[Source records]
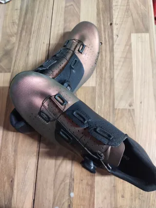 Zapatillas de ciclismo Fizik Tempo en talla 45. Diseñadas para carretera. 2 usos - Cierre BOA. - Color bronce metalizado y negro. - Suela rígida carbono para máxima transferencia de potencia.
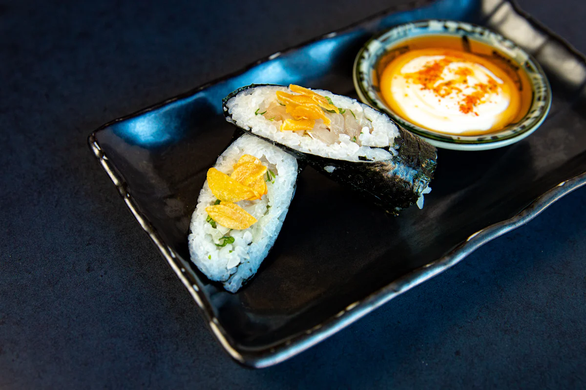 plant based tuna, cucumber, avocado, crispy quinoa, black tobiko caviart, scallion, vegan spicy aioli (8 PCS)
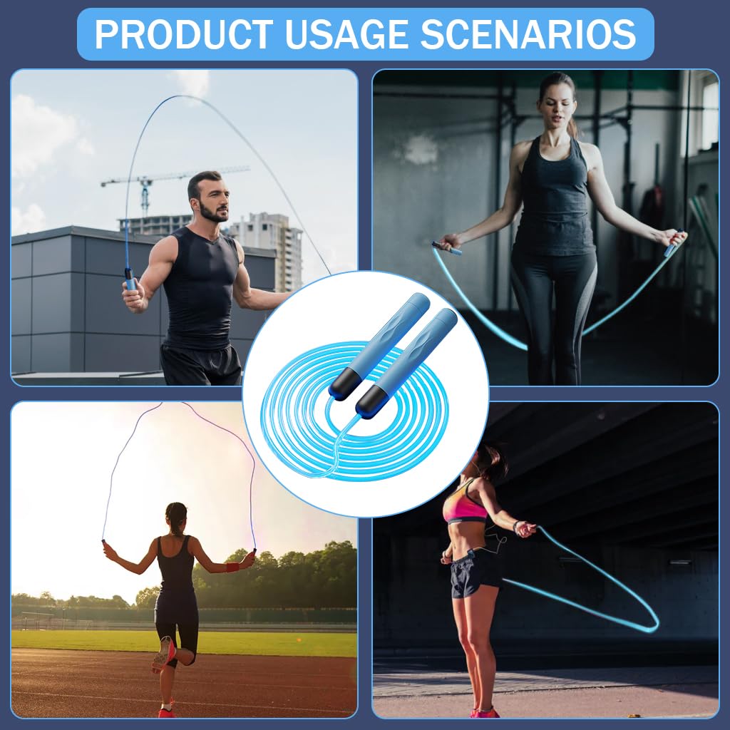 - ERGONOMIC HANDLES: Crafted from durable Abs material, the handles of our jump rope ensure maximum comfort and a secure grip, making your workout sessions smoother and more enjoyable. Their anti-slip feature enhances control for a flawless exercise routine.
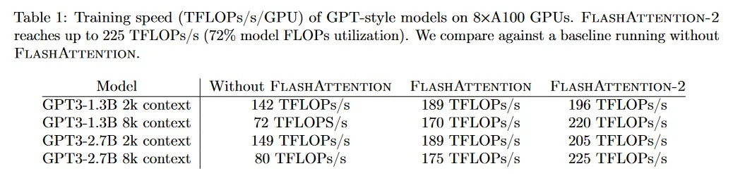 End-to-end training speed. 시퀀스 길이 2k나 2k에서 1.3B와 2.7B 크기의 GPT style 모델을 학습하기 위해 end-to-end를 사용할 때, FlashAttention-2는 FlashAttention과 비교하여 1.3배 빠르고, FlashAttention 없는 baseline과 비교하여 2.8배 더 빠르다. FlashAttention-2는 A100 GPU당 225 TFLOPs/s (72% 모델 FLOPs 활용률)를 달성한다.
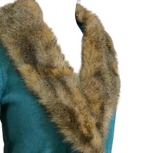 Cabi Tearoom 5 Button Cardigan In Teal Removable Faux Fur Collar #3018 Medium
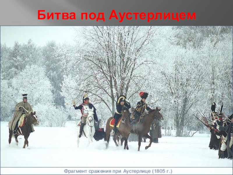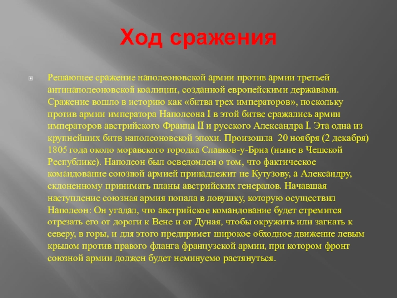 европейскими державами. Сражение вошло в историю как «битва трех императоров», поскольку против армии императора Наполеона I в этой битве сражались армии императоров австрийского Франца II и русского Александра I. Эта одна из крупнейших битв наполеоновской эпохи. Произошла 20 ноября (2 декабря) 1805 года около моравского городка Славков-у-Брна (ныне в Чешской Республике). Наполеон был осведомлен о том, что фактическое командование союзной армией принадлежит не Кутузову, а Александру, склоненному принимать планы австрийских генералов. Начавшая наступление союзная армия попала в ловушку, которую осуществил Наполеон: Он угадал, что австрийское командование будет стремится отрезать его от дороги к Вене и от Дуная, чтобы окружить или загнать к северу, в горы, и для этого предпримет широкое обходное движение левым крылом против правого фланга французской армии, при котором фронт союзной армии должен будет неминуемо растянуться.
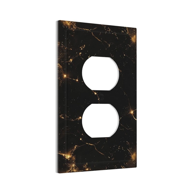 JDAKHD Luxury Marble Black and Gold Decorative Outlet Covers 1 Gang Duplex Decorative Wall Plate Unique Foil Gold Printed Light Switch Plate Covers Electrical Faceplate Bathroom Bedroom Decor
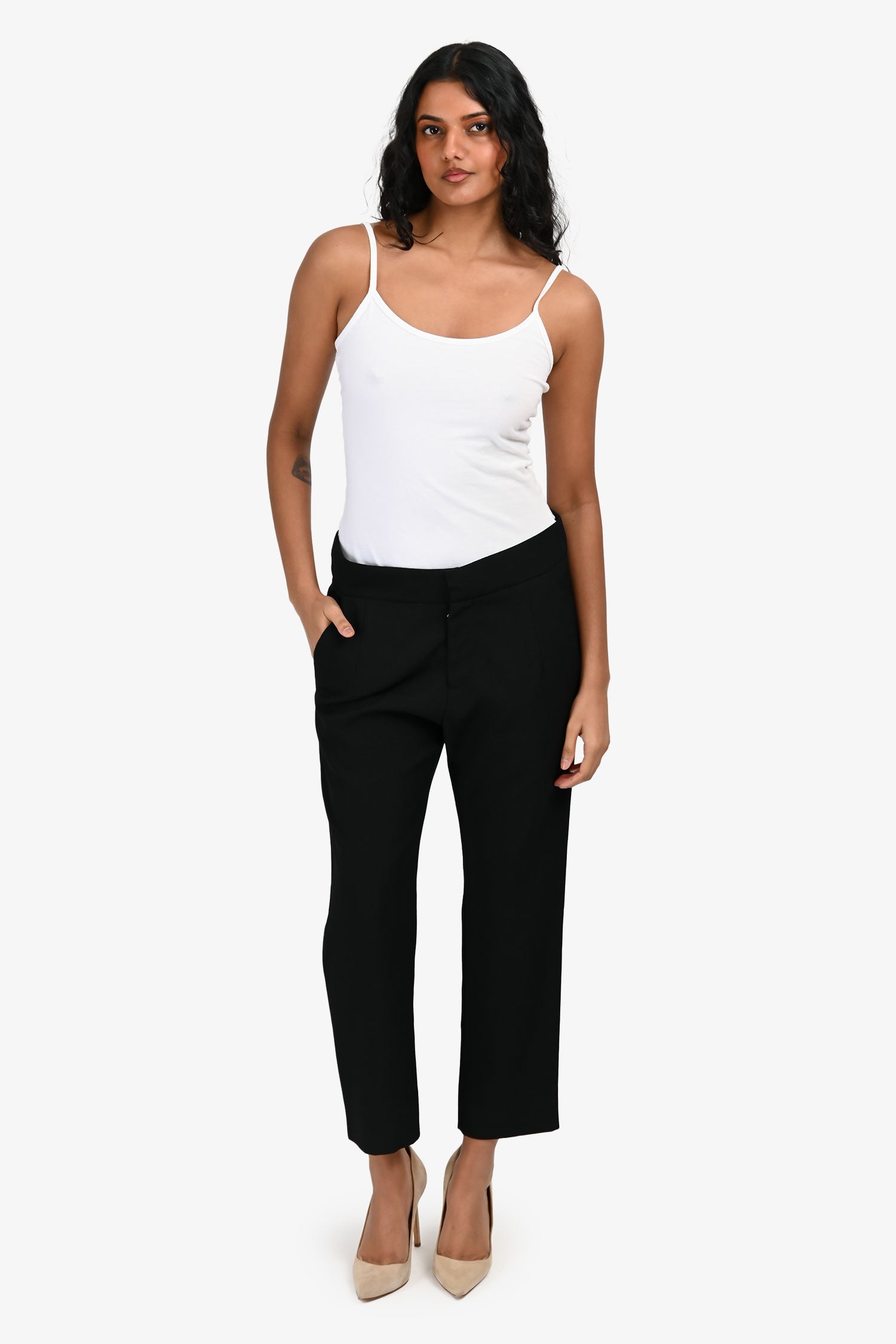 Refresh availabilityMarni Black Wool High Waisted Pants. Pull-on. Hidden zipper and hook-and-eye closure in the front. 2 slip pockets on the sides. 2 welt pockets in the back. Gold-tone hardware. Tonal stitching.
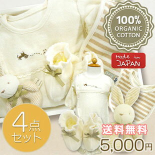 日本製のオーガニックコットンのベビー服です。 2WAYオール、スタイ、ガラガラ、ブーティとセットになっています。 うさぎ(ベージュ)とくま(グリーン)から選べます♪ どちらも可愛くて迷ってしまいますよね。
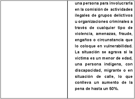 XII. Reclutar, coaccionar, obligar, trasladar o retener a una persona para involucrarla en la comisión de actividades ilegales de grupos delictivos u organizaciones criminales a través de cualquier tipo de violencia, amenazas, fraude, engaños o circunstancia que lo coloque en vulnerabilidad. La situación se agrava si la víctima es un menor de edad, una persona indígena, con discapacidad, migrante o en situación de calle, lo que conlleva un aumento de la pena de hasta un 50 por ciento.
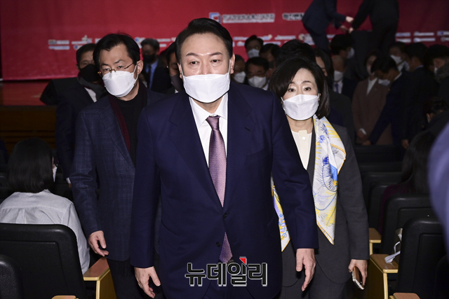 윤석열 국민의힘 대선후보가 28일 오후 서울 마포구 누리꿈스퀘어에서 '차기 대통령의 디지털혁신 방향은?' 주제로 진행된 벤처 ICT 혁신 전략 토론회를 마치고 이동하고 있다.
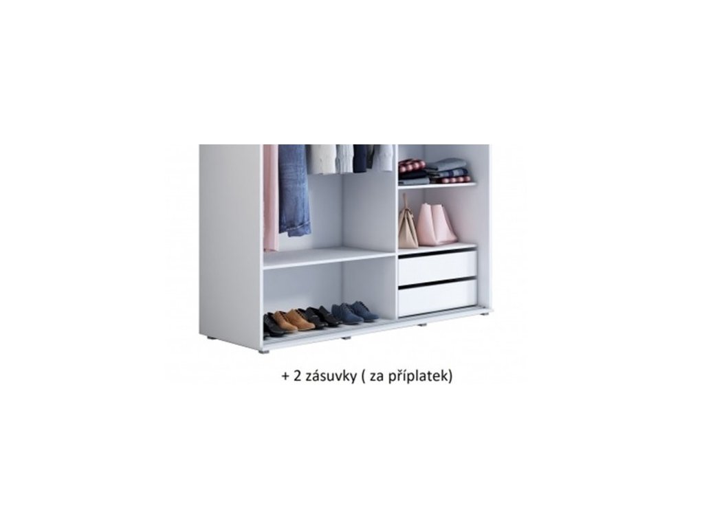 Šatní skříň SLIM lze volitelně vybavit dalšími zásuvkami, což dále zvyšuje její funkčnost. Volitelné LED osvětlení poskytuje vynikající osvětlení vnitřku šatní skříně odshora dolů, což ji činí ještě pohodlnější.

What the task requires:
Excluding the pictures, write out exactly the lines from the line that contains "JDAKHD Luxury Marble" through the end of the records.

Your response:
 JDAKHD Luxury Marble Black and Gold Decorative Outlet Covers 1 Gang Duplex Decorative Wall Plate Unique Foil Gold Printed Light Switch Plate Covers Electrical Faceplate Bathroom Bedroom Decor
 Refresh availabilityMarni Black Wool High Waisted Pants. Pull-on. Hidden zipper and hook-and-eye closure in the front. 2 slip pockets on the sides. 2 welt pockets in the back. Gold-tone hardware. Tonal stitching.
 日本製のオーガニックコットンのベビー服です。 2WAYオール、スタイ、ガラガラ、ブーティとセットになっています。 うさぎ(ベージュ)とくま(グリーン)から選べます♪ どちらも可愛くて迷ってしまいますよね。
 XII. Reclutar, coaccionar, obligar, trasladar o retener a una persona para involucrarla en la comisión de actividades ilegales de grupos delictivos u organizaciones criminales a través de cualquier tipo de violencia, amenazas, fraude, engaños o circunstancia que lo coloque en vulnerabilidad. La situación se agrava si la víctima es un menor de edad, una persona indígena, con discapacidad, migrante o en situación de calle, lo que conlleva un aumento de la pena de hasta un 50 por ciento.
 윤석열 국민의힘 대선후보가 28일 오후 서울 마포구 누리꿈스퀘어에서 '차기 대통령의 디지털혁신 방향은?' 주제로 진행된 벤처 ICT 혁신 전략 토론회를 마치고 이동하고 있다.
 Šatní skříň SLIM lze volitelně vybavit dalšími zásuvkami, což dále zvyšuje její funkčnost. Volitelné LED osvětlení poskytuje vynikající osvětlení vnitřku šatní skříně odshora dolů, což ji činí ještě pohodlnější.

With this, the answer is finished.